> Work task
From the material below, retype exactly the lines that begin at the line with "J-CASTニュースランキング 5月は「浜崎あゆみ」が話題" and end after the line with "早速遊んでみた子どもたちです"; pictures stay out of the copy.
[[ Record set open ]]
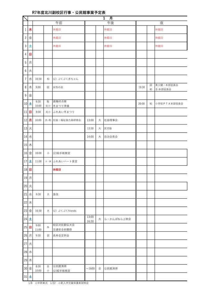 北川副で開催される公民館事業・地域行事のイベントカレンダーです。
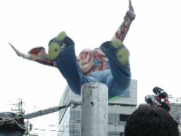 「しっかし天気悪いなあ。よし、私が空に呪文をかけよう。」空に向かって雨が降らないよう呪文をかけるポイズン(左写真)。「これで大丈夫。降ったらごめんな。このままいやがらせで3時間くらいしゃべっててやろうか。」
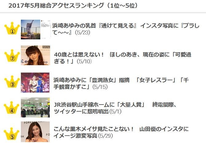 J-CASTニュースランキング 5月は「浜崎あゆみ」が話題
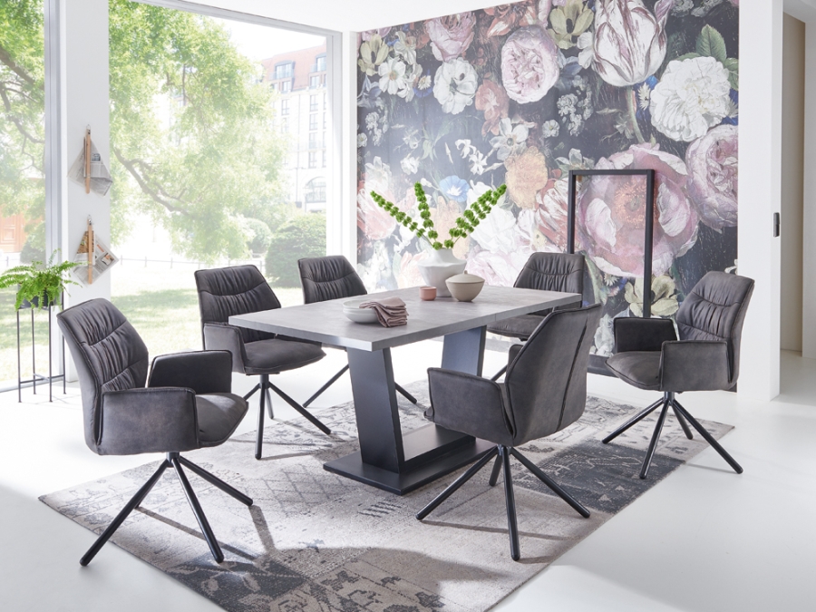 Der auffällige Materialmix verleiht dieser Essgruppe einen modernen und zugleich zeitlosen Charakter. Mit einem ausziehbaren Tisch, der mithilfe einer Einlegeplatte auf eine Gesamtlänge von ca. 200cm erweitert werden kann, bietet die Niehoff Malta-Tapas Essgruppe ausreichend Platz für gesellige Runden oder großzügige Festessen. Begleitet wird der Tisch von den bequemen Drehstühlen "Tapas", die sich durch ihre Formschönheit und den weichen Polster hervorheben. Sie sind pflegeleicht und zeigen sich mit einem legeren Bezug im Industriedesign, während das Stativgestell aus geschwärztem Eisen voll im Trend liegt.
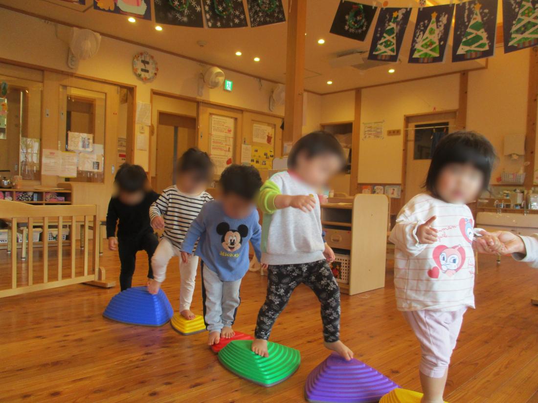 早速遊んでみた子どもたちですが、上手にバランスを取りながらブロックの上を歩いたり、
[[ Record set closed ]]
[[ Record set open ]]
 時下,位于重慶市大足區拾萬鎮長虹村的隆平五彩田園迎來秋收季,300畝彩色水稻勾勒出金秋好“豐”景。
[[ Record set closed ]]
> Answer area
 J-CASTニュースランキング 5月は「浜崎あゆみ」が話題
 Der auffällige Materialmix verleiht dieser Essgruppe einen modernen und zugleich zeitlosen Charakter. Mit einem ausziehbaren Tisch, der mithilfe einer Einlegeplatte auf eine Gesamtlänge von ca. 200cm erweitert werden kann, bietet die Niehoff Malta-Tapas Essgruppe ausreichend Platz für gesellige Runden oder großzügige Festessen. Begleitet wird der Tisch von den bequemen Drehstühlen "Tapas", die sich durch ihre Formschönheit und den weichen Polster hervorheben. Sie sind pflegeleicht und zeigen sich mit einem legeren Bezug im Industriedesign, während das Stativgestell aus geschwärztem Eisen voll im Trend liegt.
 早速遊んでみた子どもたちですが、上手にバランスを取りながらブロックの上を歩いたり、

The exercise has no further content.